### Exercise aim
Can you write out every line from the start of the records below through the line containing "臺(tái)北市南京東路三段", leaving out any pictures?

Stored data
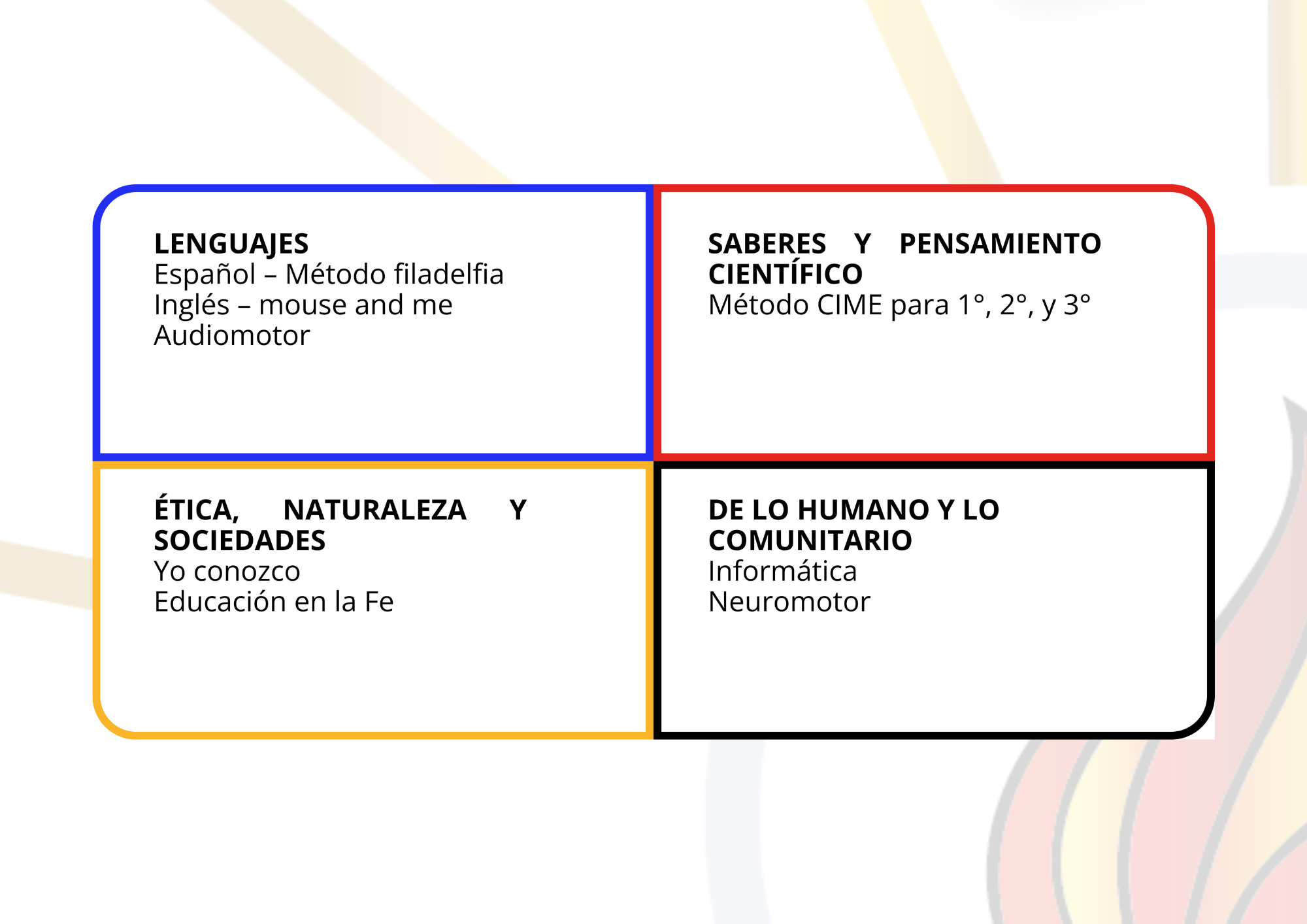 Además de las materias curriculares, ofrecemos Educación en la Fe, un programa de valores, Inglés, el método CIME para fortalecer el pensamiento matemático, así como clases de informática. Así como experiencias que fortalecen el aprendizaje integral de los alumnos de acuerdo a su edad y intereses.
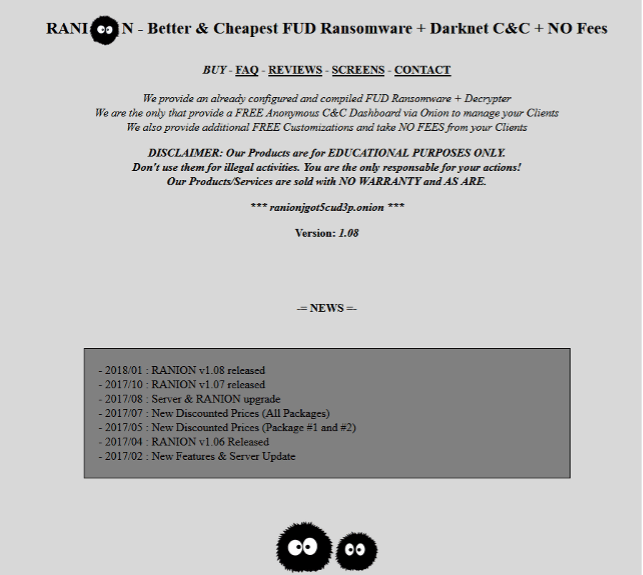 Another platform that offers a similar service is Ranion. The novelty is that the Ranion team declares that the COMMAND AND CONTROL of their "Fully UnDetectable" ransomware are established in the Darknet. This site is continuously updated by its operators.
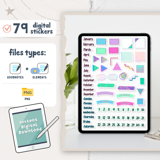 90s Neon Digital Planner Stickers
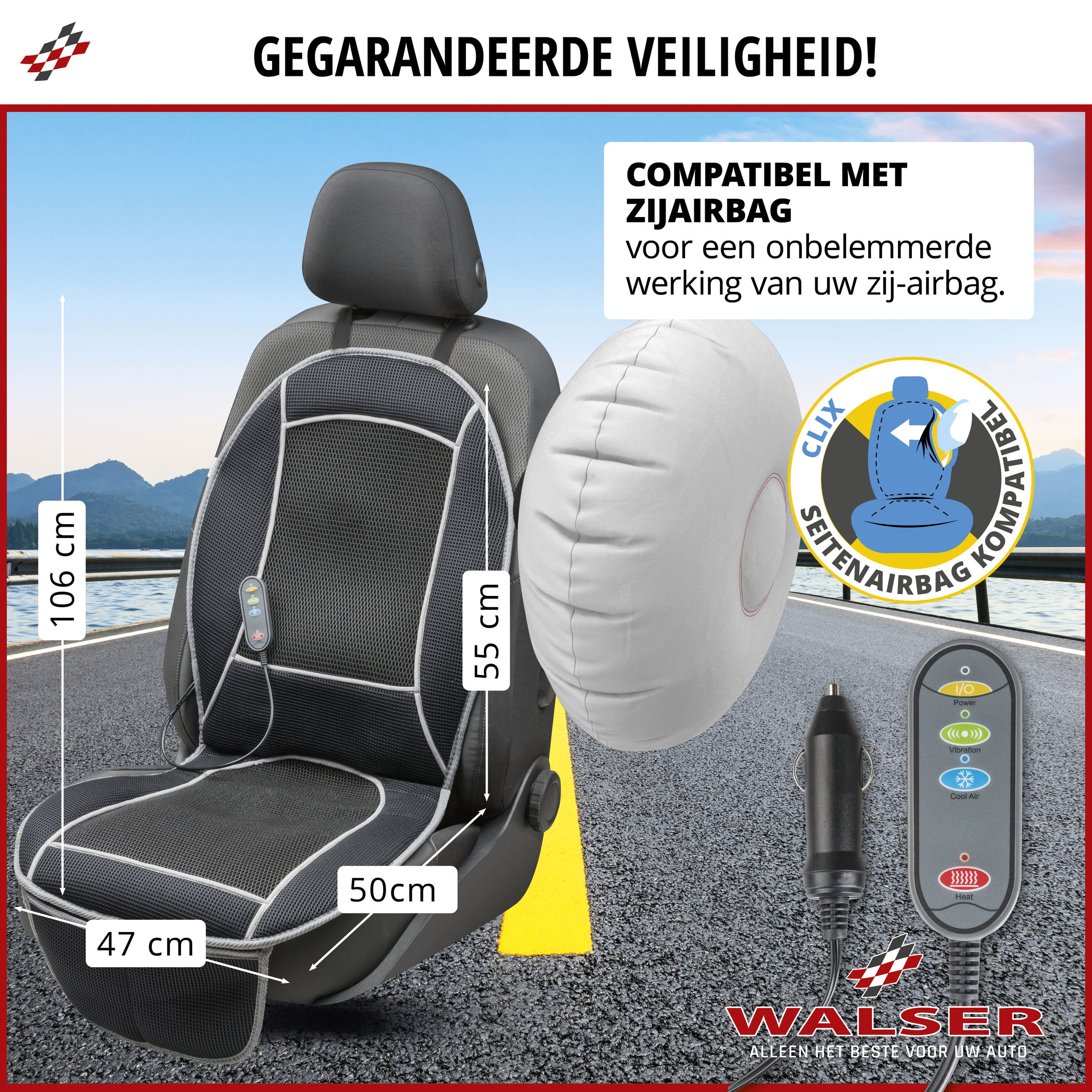 Iedereen die veel met de auto reist, is bekend met de wisselende temperaturen. In de zomer is het veel te warm en in de winter trekt de kou naar binnen. De Coolheat-zetelhoes combineert drie handige functies in één product: hij verwarmt je in de winter, koelt je in de zomer en de massagefunctie zorgt het hele jaar door voor een ontspannen rijervaring.
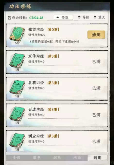 首先需要明确,功法与神通是两条独立的养成路线。功法的核心机制在于支持无限叠加研习,每一本都提供固定的基础属性加成。玩家通过持续修炼来提升功法的研习层数,层数越高,获得的属性增益就越显著。其最大的便利在于“无感生效”——功法无需手动装备,一旦获取并开始修炼,其属性便会自动、永久地加成到角色身上,实现真正的被动成长。
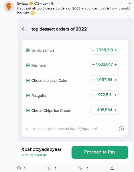 On Twitter, Swiggy has hilariously taken a dig into the customers' orders while hinting them how many times they added items to their card. While they showed that the most-ordered dessert made a 2,768,318 count, the quirky tweet tweaked the payment section to read, "₹bahotzyadapyaar."
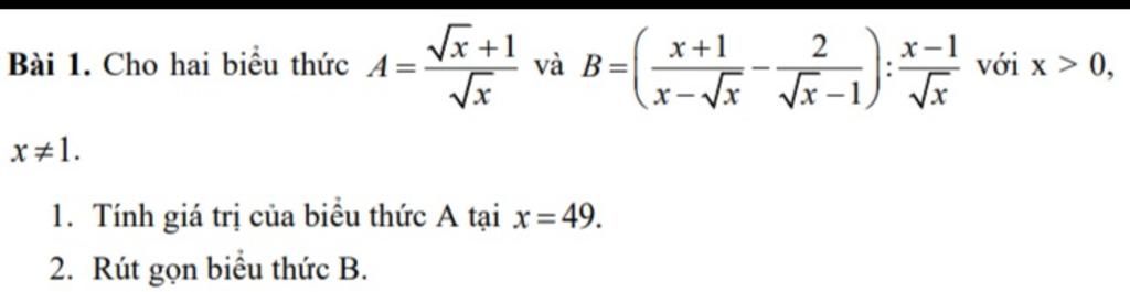 `2, B = ((x + 1)/(x - sqrt(x)) - 2/(sqrt(x) - 1)) : (x - 1)/(sqrt(x)) (x > 0 , x` $\neq$ `1)`
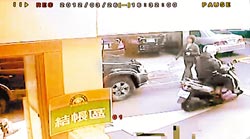 臺(tái)北市南京東路三段的臺(tái)灣中小企銀昨天下午4點(diǎn)多發(fā)生搶案,一名男子藏匿在樓梯間,開槍打傷保全人員后,搶走1千多萬現(xiàn)金,獨(dú)自騎乘機(jī)車逃逸。店家監(jiān)視器畫面中,疑似嫌犯穿深色衣服騎機(jī)車逃離現(xiàn)場,機(jī)車腳踏板處可見塞滿裝錢提袋。(圖片來源:臺(tái)灣《中國時(shí)報(bào)》)
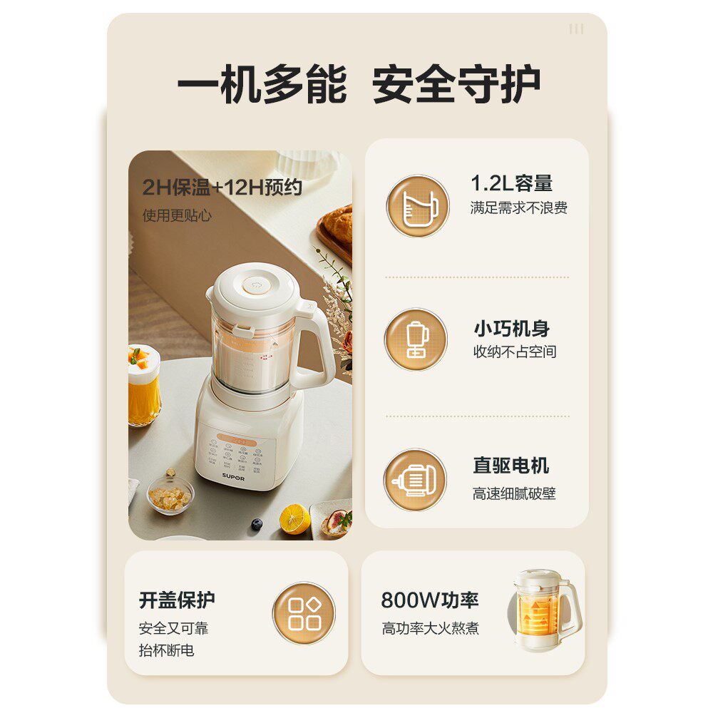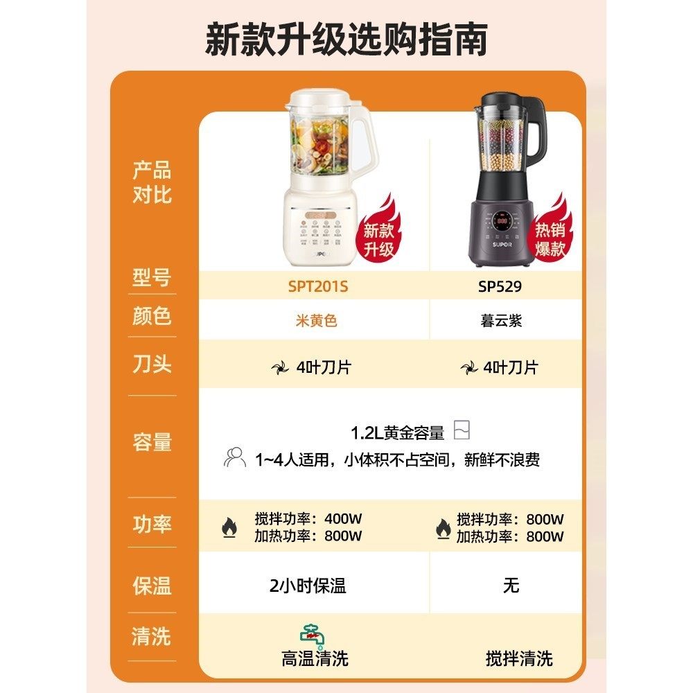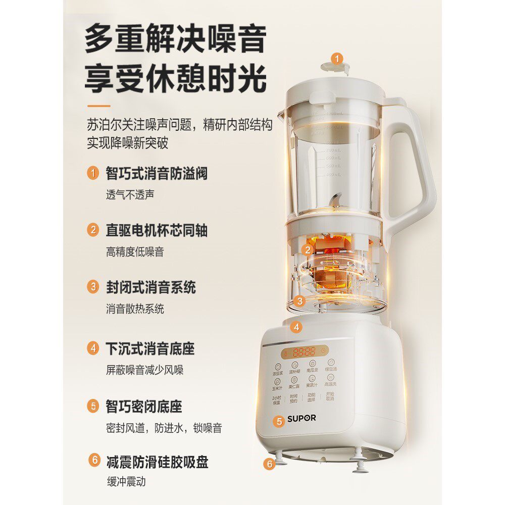 苏泊尔破壁机豆浆家用全自动静低音新款多功能小型料理机正品旗舰
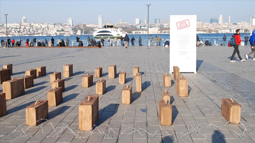 Üsküdar Meydanında düzenlenen etkinlikte, savaş ve diğer nedenlerden dolayı ülkelerini terk etmek zorunda kalan insanların valizleri, temsili olarak tel örgüler içerisinde sergilendi.
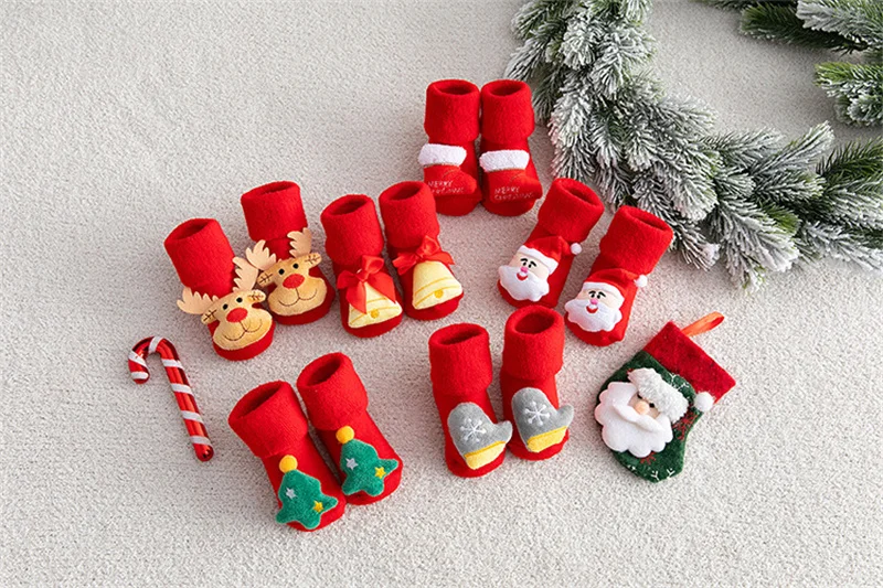 Baby Christmas Socks Newborns Cotton Winter Thickened Short Socks Kids Floor Socks Girls Boys Non-slip Print Toddler Clothing
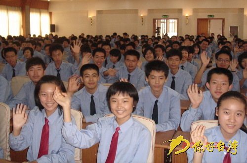山東省實驗中學(xué)學(xué)生在向臺灣同學(xué)問候(你好臺灣網(wǎng) 圖)

### Response
 Además de las materias curriculares, ofrecemos Educación en la Fe, un programa de valores, Inglés, el método CIME para fortalecer el pensamiento matemático, así como clases de informática. Así como experiencias que fortalecen el aprendizaje integral de los alumnos de acuerdo a su edad y intereses.
 Another platform that offers a similar service is Ranion. The novelty is that the Ranion team declares that the COMMAND AND CONTROL of their "Fully UnDetectable" ransomware are established in the Darknet. This site is continuously updated by its operators.
 90s Neon Digital Planner Stickers
 Iedereen die veel met de auto reist, is bekend met de wisselende temperaturen. In de zomer is het veel te warm en in de winter trekt de kou naar binnen. De Coolheat-zetelhoes combineert drie handige functies in één product: hij verwarmt je in de winter, koelt je in de zomer en de massagefunctie zorgt het hele jaar door voor een ontspannen rijervaring.
 首先需要明确,功法与神通是两条独立的养成路线。功法的核心机制在于支持无限叠加研习,每一本都提供固定的基础属性加成。玩家通过持续修炼来提升功法的研习层数,层数越高,获得的属性增益就越显著。其最大的便利在于“无感生效”——功法无需手动装备,一旦获取并开始修炼,其属性便会自动、永久地加成到角色身上,实现真正的被动成长。
 On Twitter, Swiggy has hilariously taken a dig into the customers' orders while hinting them how many times they added items to their card. While they showed that the most-ordered dessert made a 2,768,318 count, the quirky tweet tweaked the payment section to read, "₹bahotzyadapyaar."
 `2, B = ((x + 1)/(x - sqrt(x)) - 2/(sqrt(x) - 1)) : (x - 1)/(sqrt(x)) (x > 0 , x` $\neq$ `1)`
 臺(tái)北市南京東路三段的臺(tái)灣中小企銀昨天下午4點(diǎn)多發(fā)生搶案,一名男子藏匿在樓梯間,開槍打傷保全人員后,搶走1千多萬現(xiàn)金,獨(dú)自騎乘機(jī)車逃逸。店家監(jiān)視器畫面中,疑似嫌犯穿深色衣服騎機(jī)車逃離現(xiàn)場,機(jī)車腳踏板處可見塞滿裝錢提袋。(圖片來源:臺(tái)灣《中國時(shí)報(bào)》)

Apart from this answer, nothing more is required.